_Task goal_
Your answer must be an exact copy of the listing that follows, with all pictures omitted.

_Data below_
※
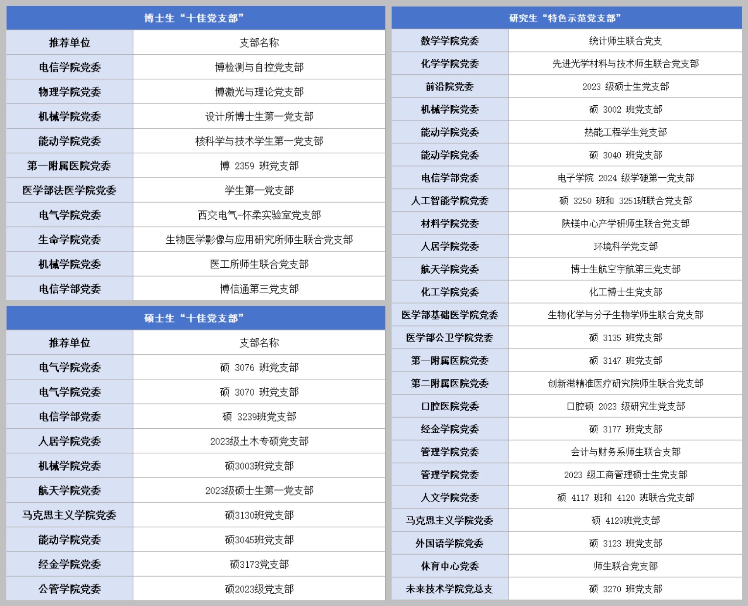 电信学部党委博检测与自控党支部坚持“四个面向”,积极践行科技兴国的使命担当,支部党员自2021年起至今连续四年获得“优秀研究生标兵”荣誉。机械学院党委设计所博士生第一党支部坚持党建促科研、科研强担当,致力于设计科学理论研究和装备制造,研究成果应用于国家重大装备和相关企业。能动学院党委核科学与技术学生第一党支部不断熔铸“不忘初心、牢记使命、艰苦奋斗、砥砺前行”的团队文化,聚焦核能技术领域科研创新,取得丰硕成果,支部多名成员多次获国家奖学金。第一附属医院党委博2359班党支部始终将助力健康中国建设、国家医学中心建设作为奋进方向,全体成员弘扬西迁精神,胸怀“国之大者”,聚焦科学问题,解决临床难题,脚踏实地,开拓创新,践行“健康所系,性命相托”的青春宣言。电气工程学院党委硕3070党支部坚持科创报国,聚焦电能高效变换,积极践行以企业为主导的产学研深度融合,助力实现“双碳”目标下的新型电力系统建设。人居学院党委2023级土木专硕党支部立足土木工程学科特色,以“七个有力”为施工蓝图,深夯信仰之基、浇筑队伍之柱、校准纪律之梁、垒高创新之墙、装配媒体之窗、嵌合团结之砖、铺设实践之瓦,夯实“党建+七维”融合的育人堡垒。公管学院党委硕2023级党支部紧密围绕学科前沿,支部成员累计参与实地调研150余次,足迹遍及全国20余省份,深入探究乡村振兴、民生保障、生态治理等民生议题,形成调研报告180余份。经金学院党委硕3173班党支部积极与企业、兄弟院校、中学等开展共建活动,通过跨层次、跨领域、跨地域的协同交流,助力培育具备专业素养与社会责任感的新时代财税人才。
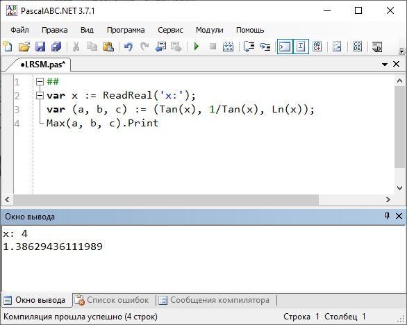 Найти max значение из трёх велечин ,апределяемых арифметическими выражениями а=tg(x) ,b=ctg(x),c=ln(x) при заданых значениях х
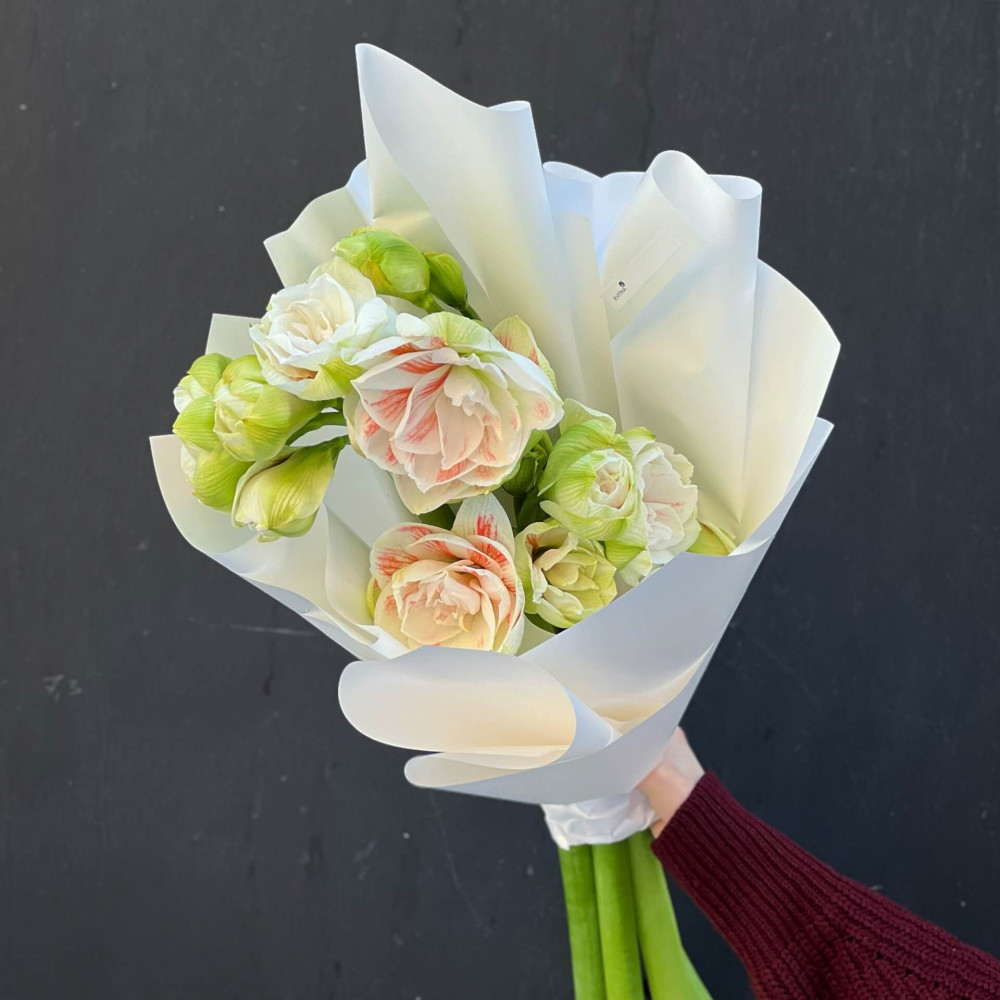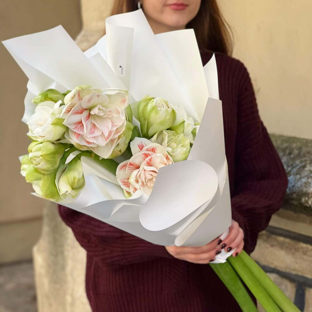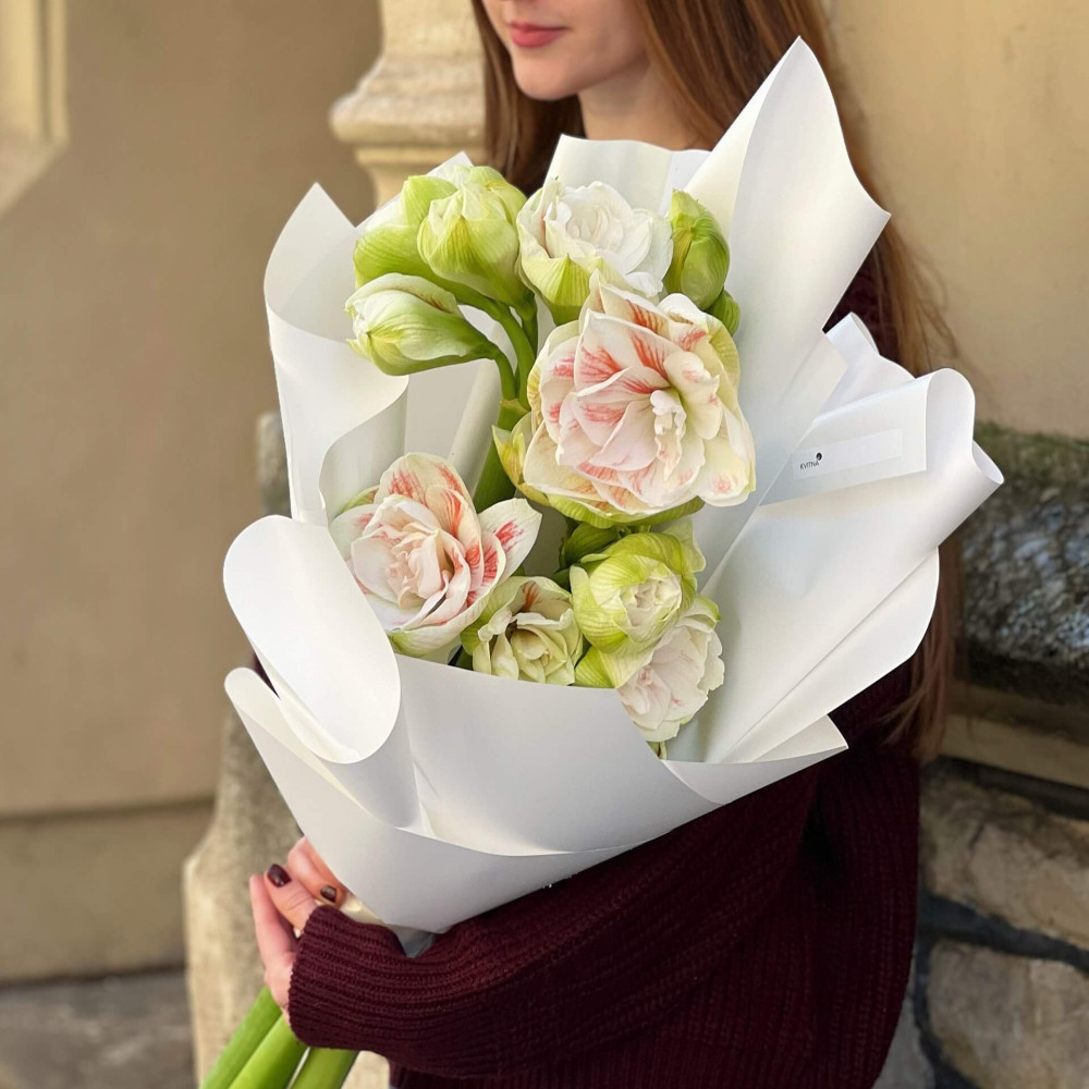 - Як замовити 5 білих амарилісів у букеті «Ніжна зірка»? ❯
※
_Response to the task_
 电信学部党委博检测与自控党支部坚持“四个面向”,积极践行科技兴国的使命担当,支部党员自2021年起至今连续四年获得“优秀研究生标兵”荣誉。机械学院党委设计所博士生第一党支部坚持党建促科研、科研强担当,致力于设计科学理论研究和装备制造,研究成果应用于国家重大装备和相关企业。能动学院党委核科学与技术学生第一党支部不断熔铸“不忘初心、牢记使命、艰苦奋斗、砥砺前行”的团队文化,聚焦核能技术领域科研创新,取得丰硕成果,支部多名成员多次获国家奖学金。第一附属医院党委博2359班党支部始终将助力健康中国建设、国家医学中心建设作为奋进方向,全体成员弘扬西迁精神,胸怀“国之大者”,聚焦科学问题,解决临床难题,脚踏实地,开拓创新,践行“健康所系,性命相托”的青春宣言。电气工程学院党委硕3070党支部坚持科创报国,聚焦电能高效变换,积极践行以企业为主导的产学研深度融合,助力实现“双碳”目标下的新型电力系统建设。人居学院党委2023级土木专硕党支部立足土木工程学科特色,以“七个有力”为施工蓝图,深夯信仰之基、浇筑队伍之柱、校准纪律之梁、垒高创新之墙、装配媒体之窗、嵌合团结之砖、铺设实践之瓦,夯实“党建+七维”融合的育人堡垒。公管学院党委硕2023级党支部紧密围绕学科前沿,支部成员累计参与实地调研150余次,足迹遍及全国20余省份,深入探究乡村振兴、民生保障、生态治理等民生议题,形成调研报告180余份。经金学院党委硕3173班党支部积极与企业、兄弟院校、中学等开展共建活动,通过跨层次、跨领域、跨地域的协同交流,助力培育具备专业素养与社会责任感的新时代财税人才。
 Найти max значение из трёх велечин ,апределяемых арифметическими выражениями а=tg(x) ,b=ctg(x),c=ln(x) при заданых значениях х
 - Як замовити 5 білих амарилісів у букеті «Ніжна зірка»? ❯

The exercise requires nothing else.